Lula’s Brazen Interference in the Federal Police Exposes Years of Leftist Hypocrisy

By Hotspotnews

For years, the Brazilian mainstream media and the political left turned “interference in the Federal Police” into their favorite battle cry. Every personnel decision, every complaint about leaks, and every attempt by former President Jair Bolsonaro to restore balance inside law enforcement institutions was portrayed as an existential threat to democracy itself. Cable news panels filled with indignant analysts, op-eds screamed about the end of the Republic, and international headlines painted Brazil as sliding into authoritarianism.

Now the mask has slipped.

According to a report in O Estado de S. Paulo, President Luiz Inácio Lula da Silva personally intervened with the director-general of the Federal Police to order the return (“devolução”) of experienced federal delegates who had been assigned to assist magistrates. These officers were not playing politics—they were supporting judges in complex investigations. Inside the PF itself, career professionals are viewing this move as outright political interference by the President of the Republic.

The timing and targets are telling. The decision is expected to reach the desk of Minister André Mendonça and could directly impact sensitive cases involving the INSS (National Social Security Institute) and the so-called “Master” investigation. In other words, while ordinary Brazilians struggle with inflation, crime, and a stagnant economy, the government appears more interested in pulling experienced investigators away from the front lines of anti-corruption and fraud work.

This is not subtle reform. This is a power play.

Contrast this with the hysterical coverage during the Bolsonaro years. When the former president dared to question the direction of certain probes or sought new leadership at the top of the PF, the same outlets that are now relatively quiet treated it as a coup in progress. “Bolsonaro is destroying institutions!” they cried. Yet when Lula reaches directly into operational personnel decisions to affect ongoing cases, we are told it is merely “administrative adjustment” or “routine management.”

The double standard is glaring and corrosive to public trust.

The Federal Police, like any serious law enforcement body, must maintain operational independence to pursue justice without fear or favor. When presidents—left or right—treat elite police units as personal tools to protect allies or slow uncomfortable inquiries, the rule of law suffers. Brazilian conservatives have long warned that the real threat to institutions comes not from demands for accountability, but from the selective application of “institutional defense” only when it suits the left.

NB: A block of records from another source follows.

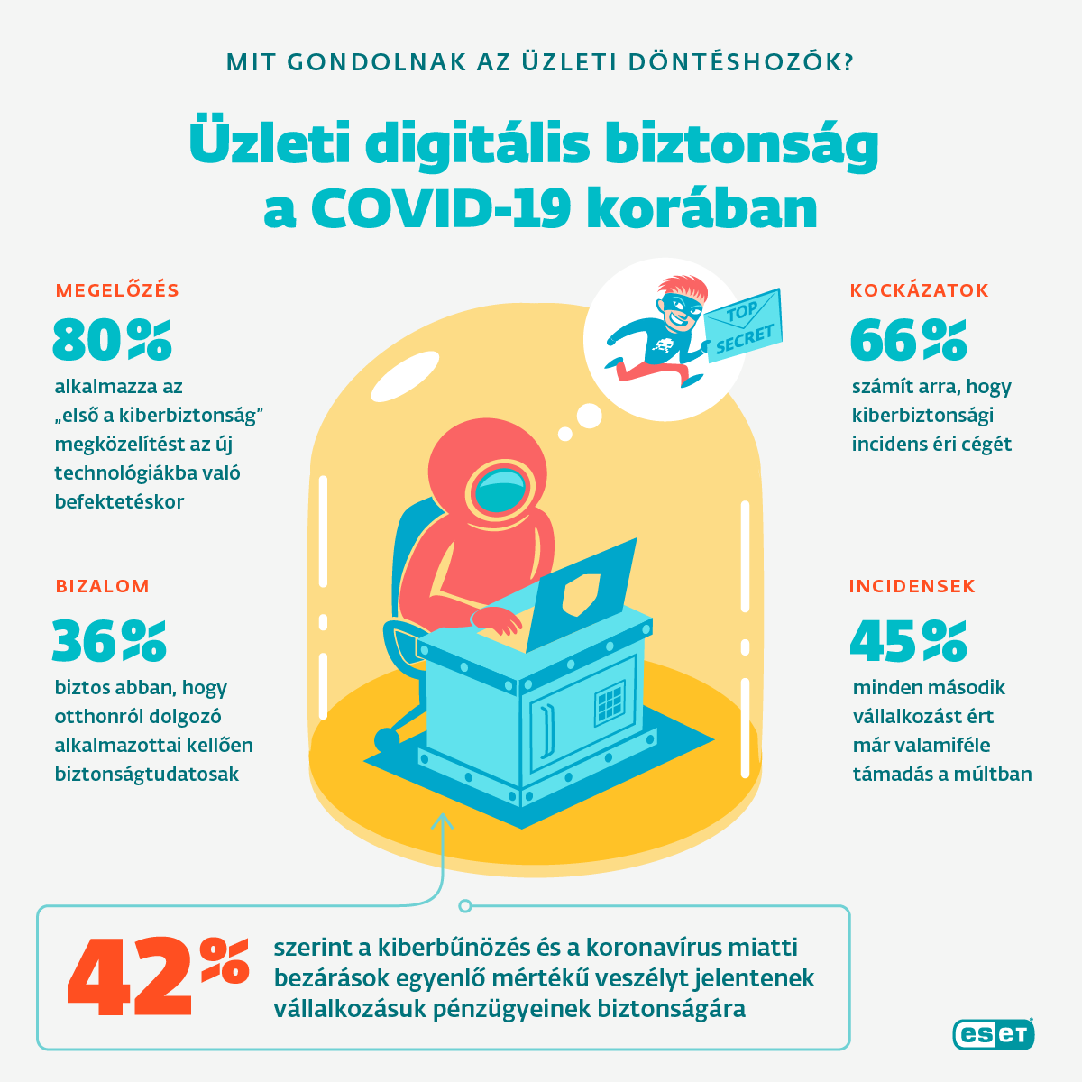 Az ESET globális FinTech-kutatásának üzleti szegmensében vizsgálta a felsővezetők hozzáállását a pénzügyi technológiához (FinTech) és a biztonsághoz: a felmérésben 1200 felsővezető vett részt az Egyesült Királyság, az Egyesült Államok, Japán és Mexikó különböző iparágaiból. A felmérésből kiderült, hogy az üzleti vezetők több mint kétharmada (68%) tervezi növelni a pénzügyi technológiába, azaz a FinTech-be történő befektetéseit a 2021-2022-es időszakban. A megkérdezett senior vezetők 81% százaléka egyetért abban, hogy a koronavírus megnövelte a pénzügyi biztonság fejlesztésének szükségességét. Ehhez azonban a munkavállalók tudatosságára, biztonsági képzésére is szükség volna.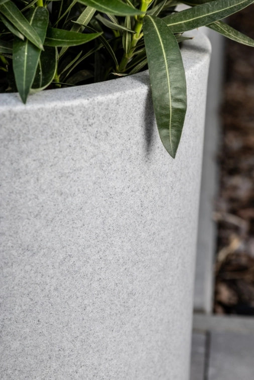 Primo 70 to donica, która redefiniuje pojęcie ogrodowej elegancji. Jej solidna, okrągła sylwetka o średnicy i wysokości 70 cm staje się nie tylko bazą kompozycji roślinnych, lecz także świadomym elementem architektury przestrzeni. W wykończeniu stylizowanym na naturalny granit, wprowadza do otoczenia szlachetność inspirowaną strukturą kamienia – surową, ale wyjątkowo estetyczną.
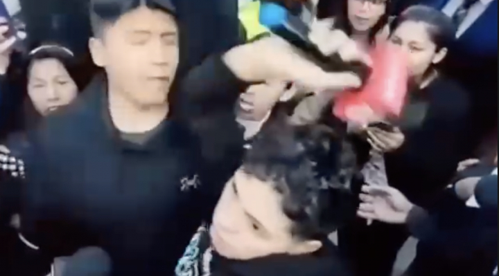 Ríos fue abordado por la prensa tras la audiencia que le otorgó libertad. Estaba por hablar cuando, en medio de gritos y tumulto, tomó el micrófono y lo lanzó con fuerza. Luego, un hombre con gorra que aparentemente lo acompañaba dijo: “Bien tirado, está puñeteando (sic)”.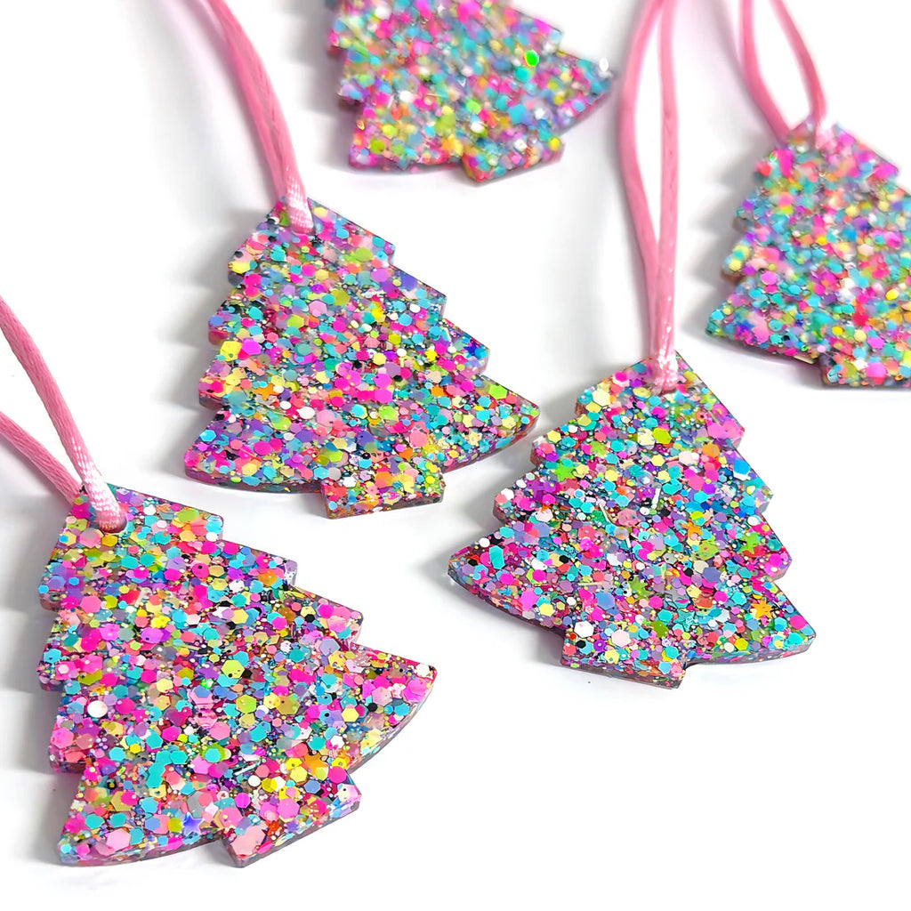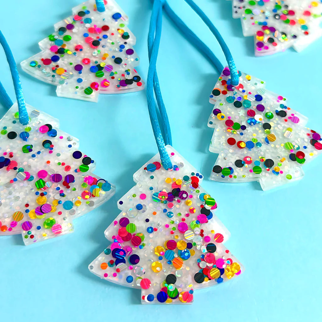 CHRISTMAS TREE : RAINBOW CONFETTI : Handmade Resin Tree Ornaments

The PT’s history of scandals—Mensalão, Petrolão, and endless attempts to shield allies—should make any reasonable observer skeptical. Pulling delegates who help judges investigate fraud in social security programs and major corruption cases smells exactly like the kind of protection racket that Lava Jato once fought so hard to expose.

Brazilians deserve better than this revolving-door hypocrisy. If interference in the PF was dangerous under Bolsonaro, it remains dangerous under Lula. The difference is that one side spent years pretending the institutions were sacred while the other is now openly treating them as disposable.

The public is watching. And memory, unlike selective media outrage, does not expire.